Off campus access to parts of files.fos is possible using DAV (distributed authoring and versioning). This mechanism uses web protocols that can be passed through firewalls. SSH can be used for off campus access as well, see Connecting using sshfs.
Files.fos can be attached to using NFS. This is more useful for server-server linkages.
See Files.fos for more information on connecting to files.fos.
As we move into the post-migration phase of the Roles and Responsibilities programme, files.fos will be deprecated in favour of the ITS managed SONAS platform. Staff and students will use University authentication to connect to a common file service using SMB/CIFS.
The University’s enterprise Copy and Print Service CAPS provides a centrally managed and consistent framework for end user access to non-specialised printing capability.
Internet and Communications
Staff should have unrestricted access to the internet through the appropriate firewall changes in Rincewind. Students should have access to the internet via the NetAccount Client (relevant information for students here).
The application set and services an environment provides will be different depending on its use. However there are a set of policies (fundamentals provided above) that must be adhered to, and perhaps a set of niceties for a standard environment.
There will be a core set which will be common to all environments, this is being developed as part of the “One Windows” project. It is expected that the specific requirements for the machine will determine a range of discretionary applications and tools, that will be added. It is envisioned that these will also be drawn from a common pool.

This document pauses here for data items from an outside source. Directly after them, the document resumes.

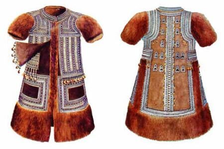 Зимнее платье якутов: теплые фуфайки, штаны, полушубки и длинные сапоги, которые носят шерстью вверх и называются торбасами. Поверх всего в дорогу надевают санаях - род тулупа из оленьих кож, тоже шерстью вверх. Во время больших морозов закрывают лоб, щеки, уши, нос и подбородок так, что только глаза остаются не закутанными.
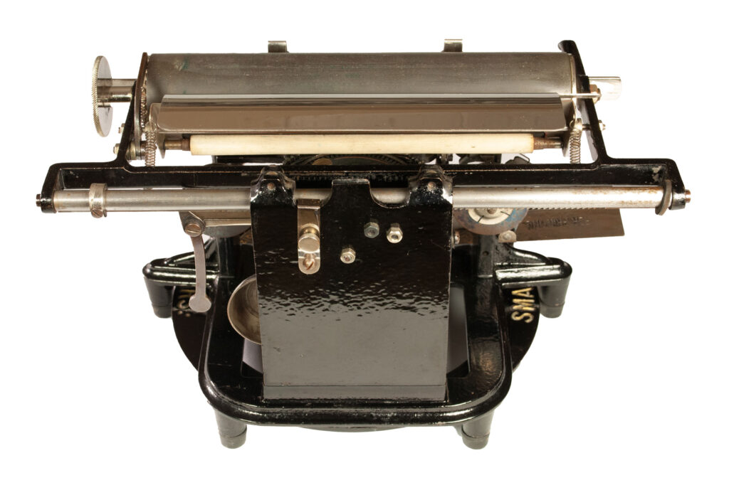 Buoyed by the success of the Mimeograph, Dick turned his attention to designing a typewriter that would exploit his improved stencil technology. With these stencils, a typewriter’s typebars could penetrate the wax coating without tearing the stencil itself, making it possible to create multiple copies from typed originals using a mimeograph, rotary printer, or printing press.
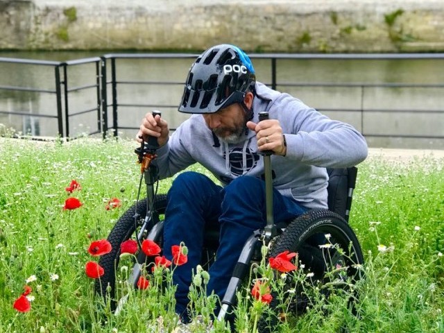 Martyn Ashton, former British and World Champion mountain bike trials rider, who was paralysed following an accident in 2013, during a bike trials demo at the British Moto GP has become the proud owner of a Mountain Trike all terrain wheelchair.
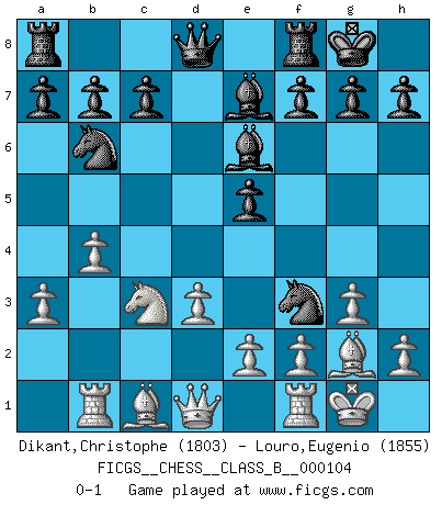 Last move : 0-1 2010 August 18 10:44:24 [Event "FICGS__CHESS__CLASS_B__000104"] [Site "FICGS"] [Date "2010.03.26"] [Round "1"] [White "Dikant,Christophe"] [Black "Louro,Eugenio"] [Result "0-1"] [WhiteElo "1803"] [BlackElo "1855"] 1.c4 e5 2.Nc3 Nf6 3.g3 d5 4.cxd5 Nxd5 5.Bg2 Nb6 6.Nf3 Nc6 7.O-O Be7 8.d3 Be6 9.a3 O-O 10.b4 Nd4 11.Rb1 Nxf3+ 0-1 This chess game has been lost on time (started : 2010.03.26 14:58:49) English : Bremen, reverse Dragon Kingside Castling by player White (move 7) Kingside Castling by player Black (move 9) Player Black won this chess game. Follow this game move after move (download)In life, as in Chess, one's own Pawns block one's way. A man's very wealth, ease, leisure, children, books, which should help him to win, more often checkmate him. (Charles Buxton) Der Partner hat auch seine Existenzberechtigung. (Savielly Grigorievitsch Tartakower) Los finales de Peón son del Ajedrez lo que el cesped es del Golf. (Cecil Purdy) On croit qu'il y a plus de mauvais joueurs que de bons joueurs, c'est faux : Il y a autant de joueurs qui gagnent que de joueurs qui perdent. (Philippe Geluck) Thus, what is of supreme importance in war is to attack the enemy's strategy. (Sun Tzu)
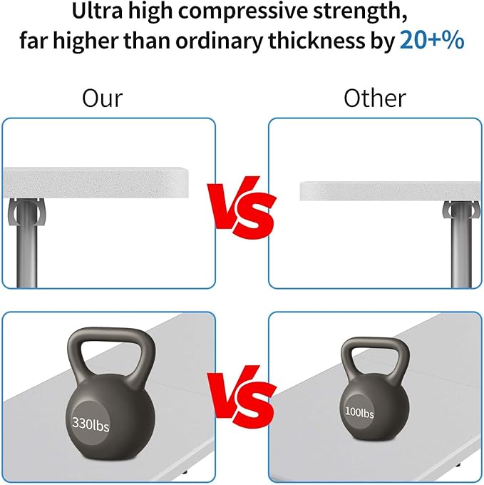 - HEAVY DUTY: The 6 ft plastic folding table is made of high-density plastic for durability and its metal frame is strong enough to support up to 330 pounds. 6-foot folding tables offer durable, portable surfaces ideal for picnics and outdoor events.
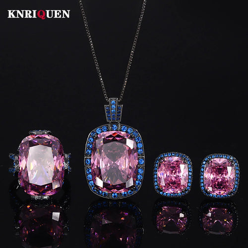 New Vintage Pink Quartz Ring Earrings Pendant Necklace for Women Gemstone Ruby Cocktail Party Fine Jewelry Set Anniversary Gift
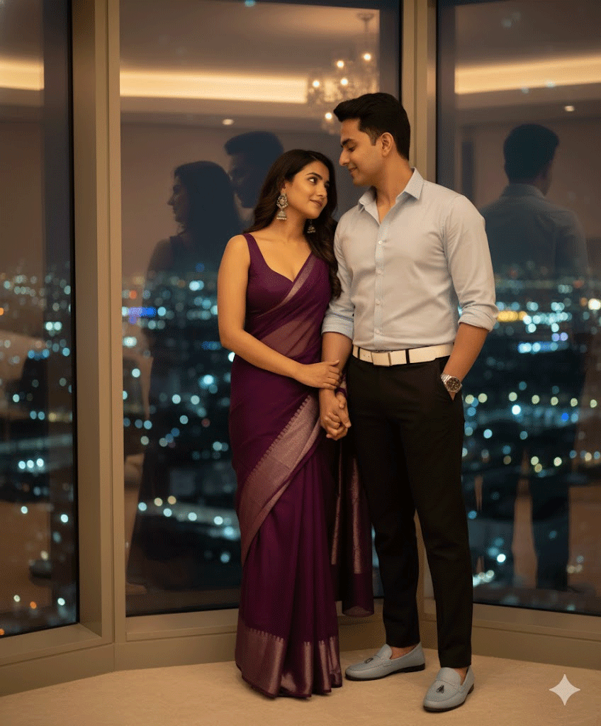 Ultra-realistic 8K cinematic romantic portrait of a stylish Indian couple standing near a large glass window inside a 7-star luxury hotel suite, overlooking a breathtaking city skyline glowing with golden and blue night lights.
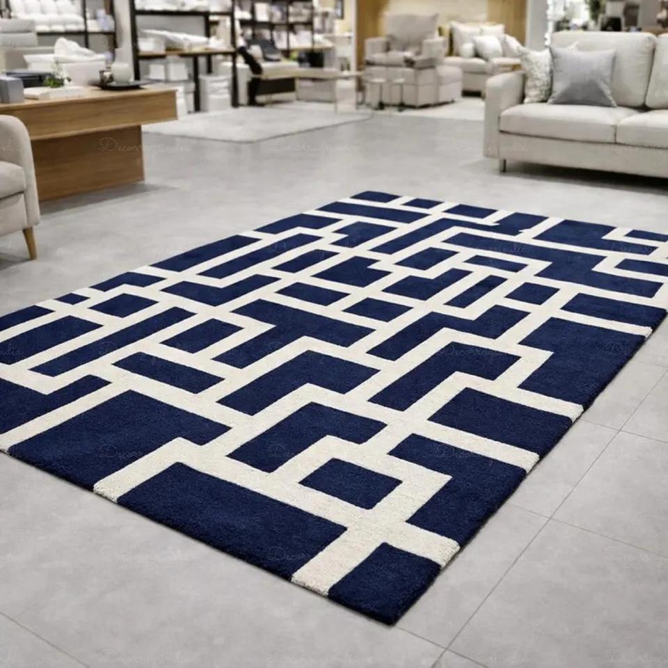 Geometric Pattern Area Rug Modern Blue Hand Tufted Living Room Carpet for Large Floor Rug Soft Luxury Bedroom Home Decor Carpet
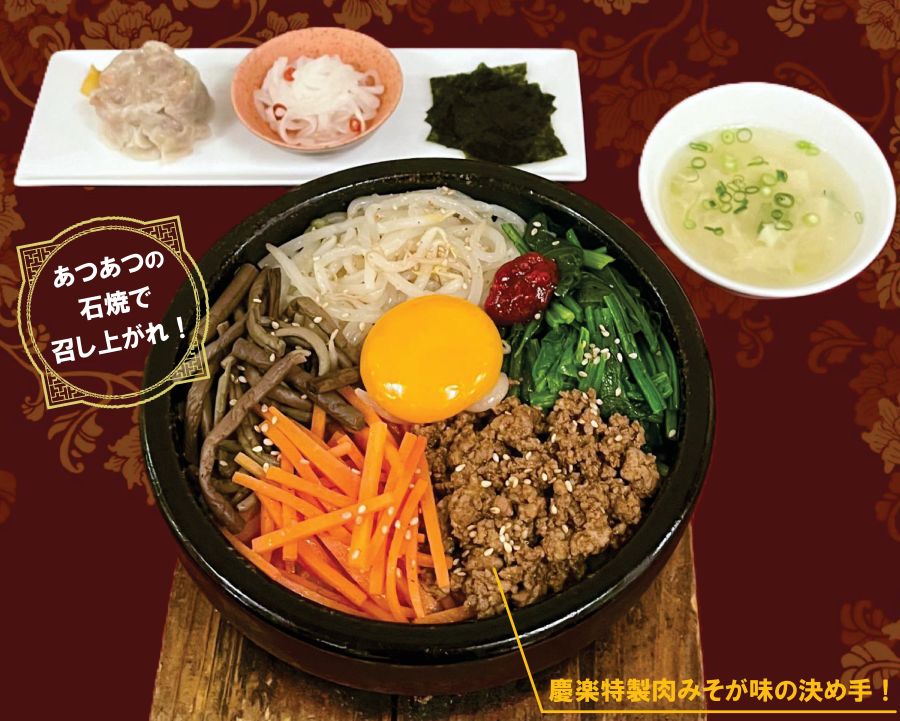 | メニュー | 石焼フェアに新しい味が新登場! 慶楽オリジナルの自家製肉味噌が味の決め手です。 ●慶楽自家製焼売と、うれしいトッピング&スープ 付き 〈大根の甘酢漬け・韓国のり・コチュジャン〉 |

This is similar to our current SCCM implementation. There is a base image of applications and configurations that is added to at build time, by a standard set of applications for each environment.
Examples of core applications are given below, and how they enable the environment to conform to the policies given above.
Currently the centralised antivirus is ESET NOD32 for Windows machines and Sophos for OSX machines, although OSX machines may shortly be moving to NOD32 also. There is currently no defined antivirus for Unix based machines. This is to comply with the safe findamental.
The University uses the Sassafras K2 Software Asset management software, whose client must be installed on all machines which support it (read: Windows, OSX). This is to comply with the legal fundamental.